_Exercise details_
Could you restate, exactly and with nothing added, the lines from the start of the data through the line that holds "The Leatherman Rebar", leaving the pictures out?
━━━━━━
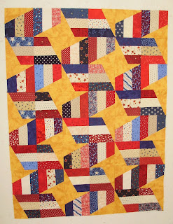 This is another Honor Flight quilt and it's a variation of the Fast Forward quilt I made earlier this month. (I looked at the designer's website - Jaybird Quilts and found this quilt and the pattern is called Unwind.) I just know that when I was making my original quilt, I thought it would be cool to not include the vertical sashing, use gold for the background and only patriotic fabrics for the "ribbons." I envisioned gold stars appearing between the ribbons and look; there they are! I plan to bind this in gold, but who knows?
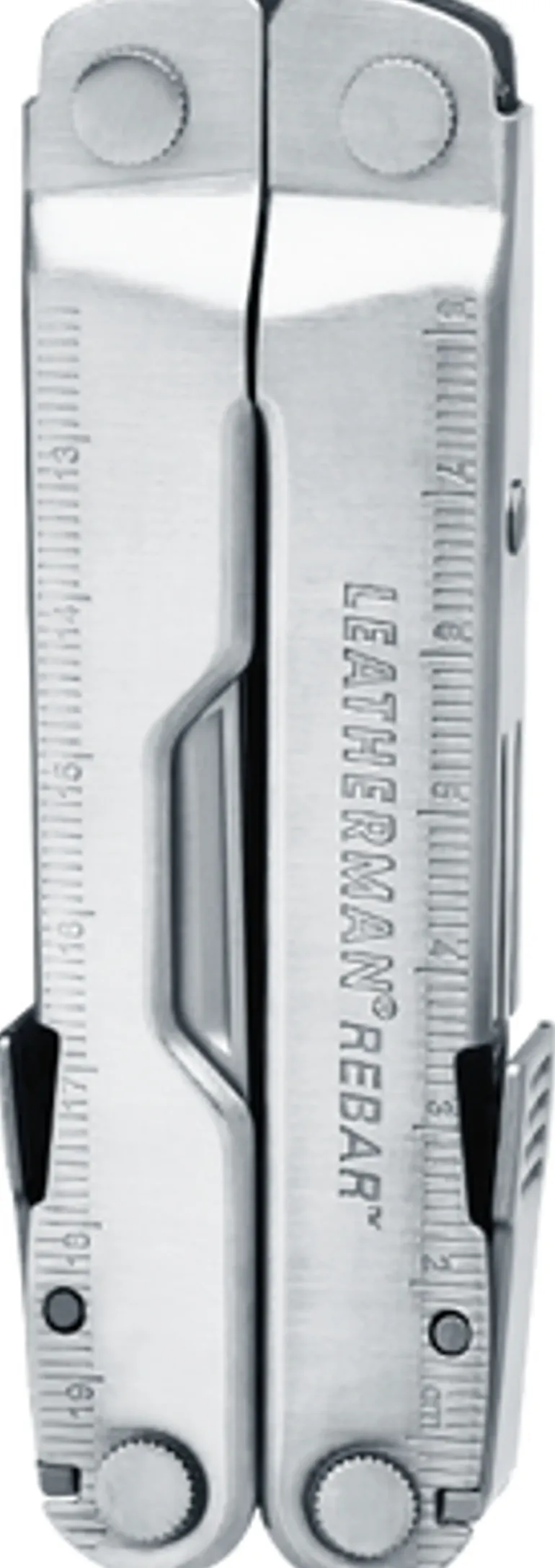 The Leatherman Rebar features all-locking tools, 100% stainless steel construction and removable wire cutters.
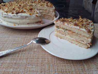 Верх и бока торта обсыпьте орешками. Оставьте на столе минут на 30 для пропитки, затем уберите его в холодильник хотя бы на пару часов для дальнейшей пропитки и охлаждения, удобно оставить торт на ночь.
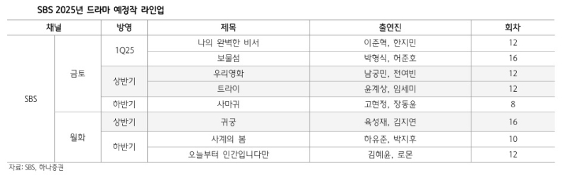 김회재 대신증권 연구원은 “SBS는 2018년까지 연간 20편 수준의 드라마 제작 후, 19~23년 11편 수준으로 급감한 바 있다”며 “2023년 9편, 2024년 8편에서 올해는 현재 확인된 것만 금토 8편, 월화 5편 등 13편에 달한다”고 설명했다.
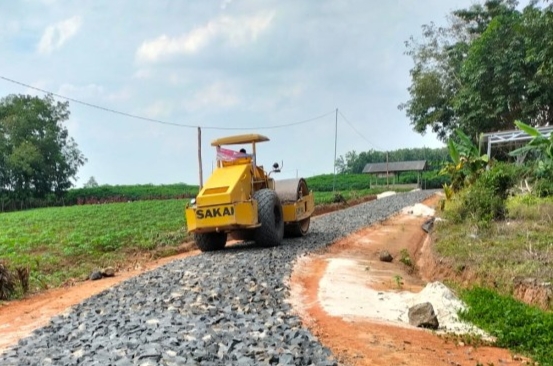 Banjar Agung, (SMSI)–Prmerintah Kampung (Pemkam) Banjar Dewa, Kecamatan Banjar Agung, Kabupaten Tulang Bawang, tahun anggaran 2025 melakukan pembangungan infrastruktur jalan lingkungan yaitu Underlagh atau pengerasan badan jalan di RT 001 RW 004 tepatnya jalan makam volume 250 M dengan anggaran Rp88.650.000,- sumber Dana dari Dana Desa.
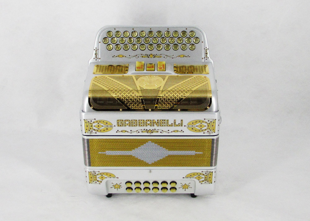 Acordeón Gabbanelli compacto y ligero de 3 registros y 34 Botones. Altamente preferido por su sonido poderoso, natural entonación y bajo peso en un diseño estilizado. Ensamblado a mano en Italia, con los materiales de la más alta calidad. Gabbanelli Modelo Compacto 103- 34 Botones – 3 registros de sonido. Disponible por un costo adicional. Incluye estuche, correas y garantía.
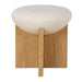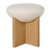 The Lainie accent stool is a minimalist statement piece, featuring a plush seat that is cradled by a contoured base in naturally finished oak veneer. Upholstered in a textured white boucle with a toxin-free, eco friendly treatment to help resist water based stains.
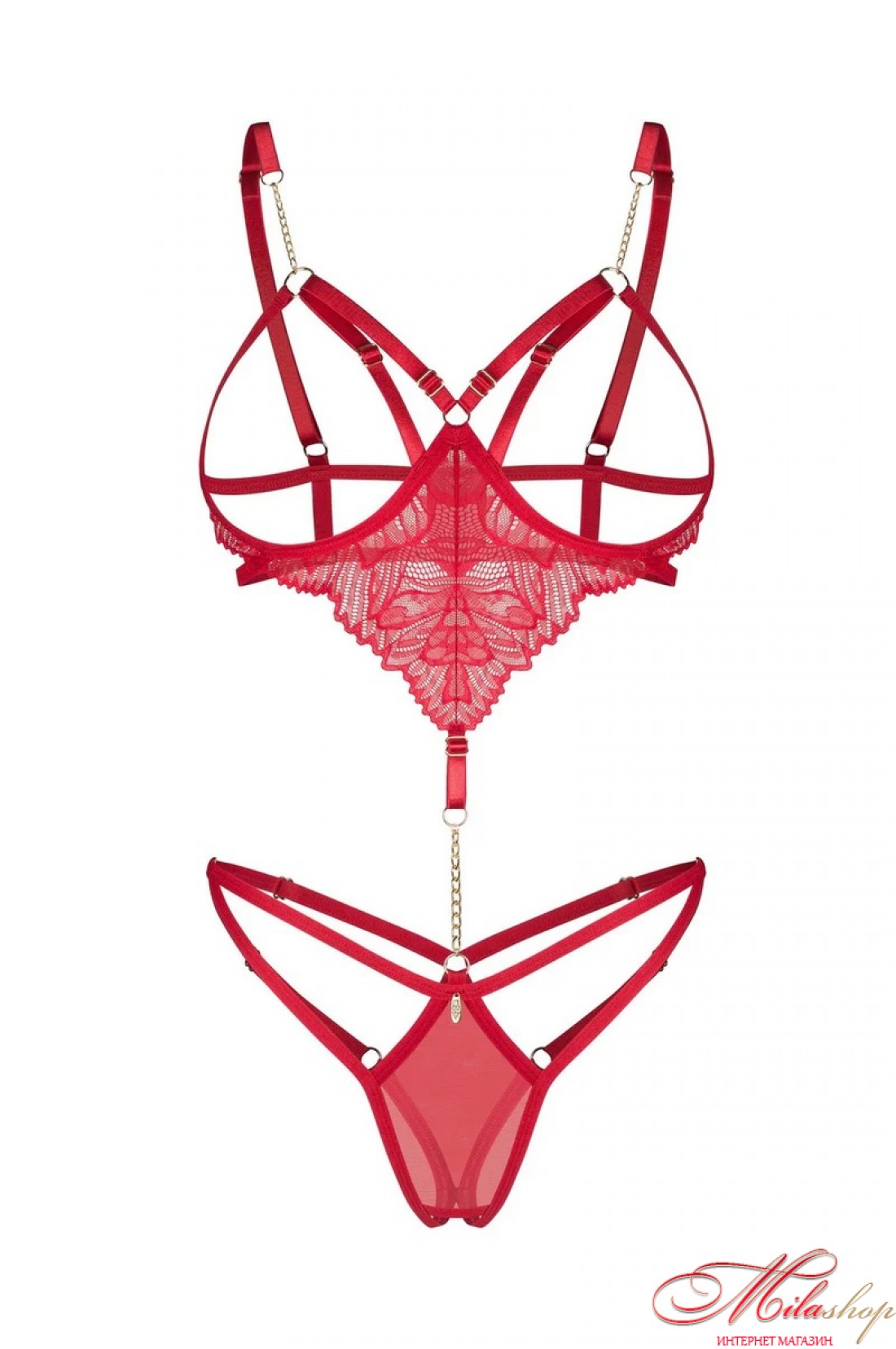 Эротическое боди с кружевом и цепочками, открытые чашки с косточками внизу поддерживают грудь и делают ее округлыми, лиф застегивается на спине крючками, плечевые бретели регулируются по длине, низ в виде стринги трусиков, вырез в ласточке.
━━━━━━
_Written solution_
 This is another Honor Flight quilt and it's a variation of the Fast Forward quilt I made earlier this month. (I looked at the designer's website - Jaybird Quilts and found this quilt and the pattern is called Unwind.) I just know that when I was making my original quilt, I thought it would be cool to not include the vertical sashing, use gold for the background and only patriotic fabrics for the "ribbons." I envisioned gold stars appearing between the ribbons and look; there they are! I plan to bind this in gold, but who knows?
 The Leatherman Rebar features all-locking tools, 100% stainless steel construction and removable wire cutters.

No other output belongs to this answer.